** Data section follows **

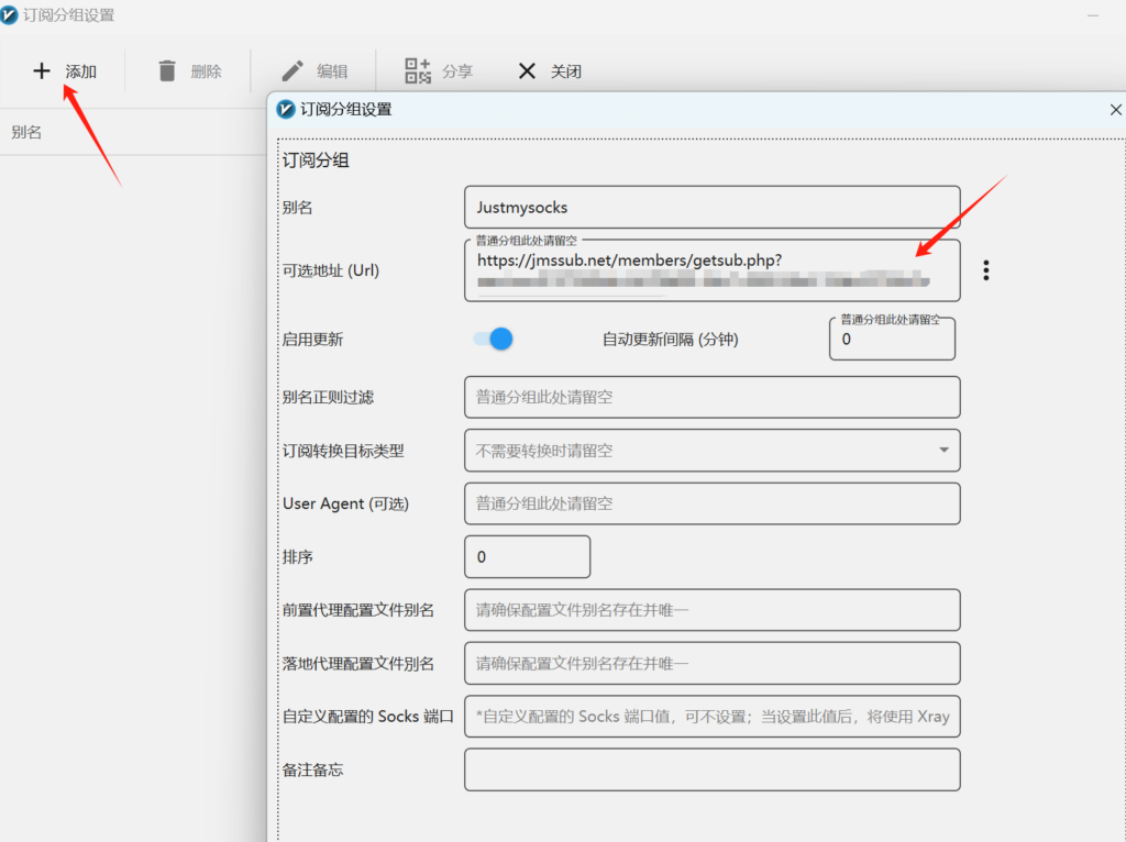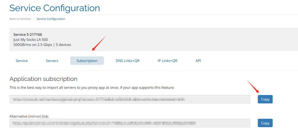 每个工具安装都很简单,只需要找到justmysocks后台的线路订阅链接subscription link,复制到对应的工具设置里面即可。
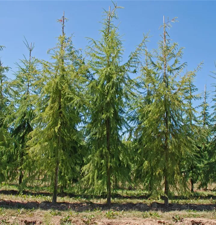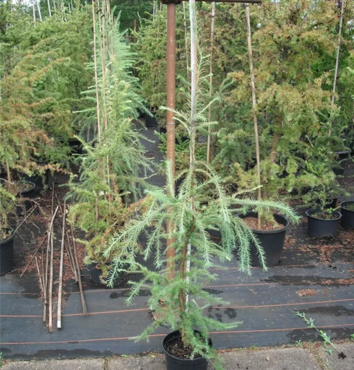Die Japanische Hänge-Lärche 'Pendula' (Larix kaempferi) ist ein Kleinbaum, welcher überhängend wächst und gewöhnlich eine Höhe von ca. 10 m und eine Breite von ca. 6 m erreicht. Ihre nadelförmigen Blätter haben eine blau-grüne Färbung. Sie verwandeln sich im Herbst in ein schönes Goldgelb. Dieses Gehölz ist gut frostverträglich.Sie bevorzugt durchlässigen, nährstoffreichen Boden in sonniger Lage.
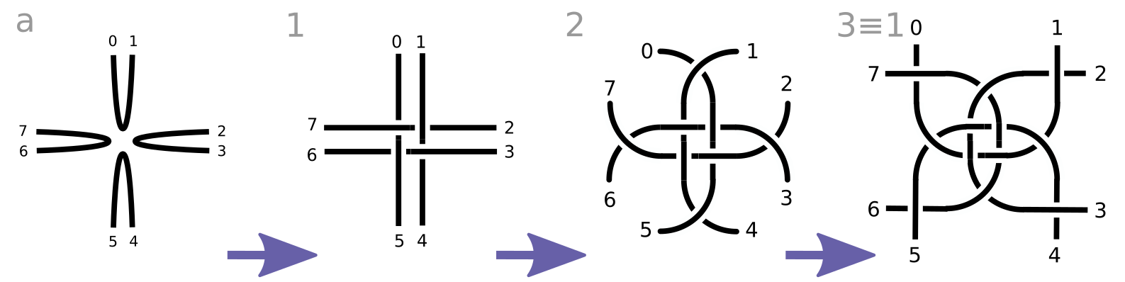 Schritt a in der Abbildung ist nur der Konsistenz der Flechtoperation geschuldet und es empfiehlt sich die Stränge gleich wie in 1 anzuordnen. Anschliessend mit Schritt zwei (siehe unten) fortfahren um 2 zu erhalten.

** End of Data section **

Instructions to follow → The full text of the data above, exact and without pictures, is what to return.

Your response →
 每个工具安装都很简单,只需要找到justmysocks后台的线路订阅链接subscription link,复制到对应的工具设置里面即可。
Die Japanische Hänge-Lärche 'Pendula' (Larix kaempferi) ist ein Kleinbaum, welcher überhängend wächst und gewöhnlich eine Höhe von ca. 10 m und eine Breite von ca. 6 m erreicht. Ihre nadelförmigen Blätter haben eine blau-grüne Färbung. Sie verwandeln sich im Herbst in ein schönes Goldgelb. Dieses Gehölz ist gut frostverträglich.Sie bevorzugt durchlässigen, nährstoffreichen Boden in sonniger Lage.
 Schritt a in der Abbildung ist nur der Konsistenz der Flechtoperation geschuldet und es empfiehlt sich die Stränge gleich wie in 1 anzuordnen. Anschliessend mit Schritt zwei (siehe unten) fortfahren um 2 zu erhalten.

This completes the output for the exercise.